Ganaka repeats this process till the computation of all instructions in the window is completed. FIG. 25 illustrates this. With reference to FIG. 25:

• • Dynamic Sized Instruction Windows. F25_IW1, F25_IW3, F25_IW3 depict successively smaller instruction windows, as the first one has a large number of short instructions, and F25_IW3 has possibly just one heavyweight instruction. Essentially we have Instruction Admission Control analogous to Call Admission Control in telecommunication switches.
  • Operand fetch over the interconnect (F25_IXC_NB), IO, and Instruction Executions (F25_ALU_NB, F25_EE), are non blocking, and can be carried out as soon as the minimally required portion of input arrives (like a dataflow system).
    • For example, computation of a MV product Ax can be carried out as soon as a single row of A, and vector X arrives to the portion of IE (inference engine), handling MV products. This is unlike static scheduling, since the number of the non-zero elements of A can be highly varying from row to row.
  • As long as the sizes of models are known apriori, the memory access, the interconnect and 10 systems, and to some extent the IE engine, can be pre-scheduled statically, as in a VLIW system.
    • The IE processing for non-convex models may require computationally expensive searches, and is challenging to schedule statically.
    • Model Convexification and other approximations can be immediately carried out, exemplarily using LP relaxations, dropping constraints, lagrangean relaxations, etc, and the enhanced I structure updated.
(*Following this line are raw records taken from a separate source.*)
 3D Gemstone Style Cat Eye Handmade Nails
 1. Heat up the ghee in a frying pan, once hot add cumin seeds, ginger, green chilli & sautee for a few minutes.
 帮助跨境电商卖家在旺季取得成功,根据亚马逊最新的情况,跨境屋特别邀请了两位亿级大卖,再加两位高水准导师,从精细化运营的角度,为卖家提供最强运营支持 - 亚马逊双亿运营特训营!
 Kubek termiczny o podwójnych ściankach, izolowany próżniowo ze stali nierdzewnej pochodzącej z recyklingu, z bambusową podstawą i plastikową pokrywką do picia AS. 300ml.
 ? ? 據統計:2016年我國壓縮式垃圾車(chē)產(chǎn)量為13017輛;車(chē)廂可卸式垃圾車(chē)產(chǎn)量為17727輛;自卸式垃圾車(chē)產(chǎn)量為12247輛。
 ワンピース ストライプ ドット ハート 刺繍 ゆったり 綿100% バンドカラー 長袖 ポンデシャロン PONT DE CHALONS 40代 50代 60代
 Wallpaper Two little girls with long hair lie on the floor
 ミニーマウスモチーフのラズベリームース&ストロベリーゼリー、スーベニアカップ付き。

Enhanced Inference Structures as per our prior patent applications (F25_EIS), are updated as soon as an answer/partial answer is generated.
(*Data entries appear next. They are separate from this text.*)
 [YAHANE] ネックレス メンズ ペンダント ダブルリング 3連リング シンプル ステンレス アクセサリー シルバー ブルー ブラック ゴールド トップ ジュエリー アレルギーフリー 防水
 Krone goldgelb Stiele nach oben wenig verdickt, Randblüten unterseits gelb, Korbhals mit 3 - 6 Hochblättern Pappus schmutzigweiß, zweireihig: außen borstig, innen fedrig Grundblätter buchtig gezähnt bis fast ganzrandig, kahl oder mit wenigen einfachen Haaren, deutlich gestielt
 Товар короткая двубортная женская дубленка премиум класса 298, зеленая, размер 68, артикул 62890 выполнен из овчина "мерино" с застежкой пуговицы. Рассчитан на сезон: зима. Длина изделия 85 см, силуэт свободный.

7.7.7. Summary Operation of Exemplary Ganaka Embodiment

Based on all the above, Ganaka's exemplary embodiment operates as follows (see FIG. 2, FIG. 14, FIG. 24, FIG. 25):

• • Ganaka derives models from data, based partly on apriori information.
    • If a convex hull/clustered convex hull/approximate convex hull model is used, either an implicit or an explicit model can be employed.
    • If an implicit model is used, the number of datapoints stored in either the data or model memory can be further reduced by identifying points on the convex hull boundary, and storing them only. This extends to general models also.
  • Models can be converted into other models, using information preserving transformation techniques, and additionally using namespace translation, and virtualization, as described by us previously.
  • Ganaka takes a dynamically changing (in size) window of instructions, and partitions and schedules them on the available computation resources, which may be heterogeneous (including analog implementations).
    • The extensive variability in timing may require machine learning techniques for prediction, and partially self-timed non-blocking operation in processing, operand access, and io.
  • After an answer/partial answer/approximate answer (based, say on convexification), is obtained the enhanced I-structure is updated, to aid processing of other instructions.
  • The invertor can derive additional data samples from models. The implicit convex hull representation for a D-dimensional sample space, is convenient, since we need to randomly sample a D-dimensional vector between 0 and 1 only.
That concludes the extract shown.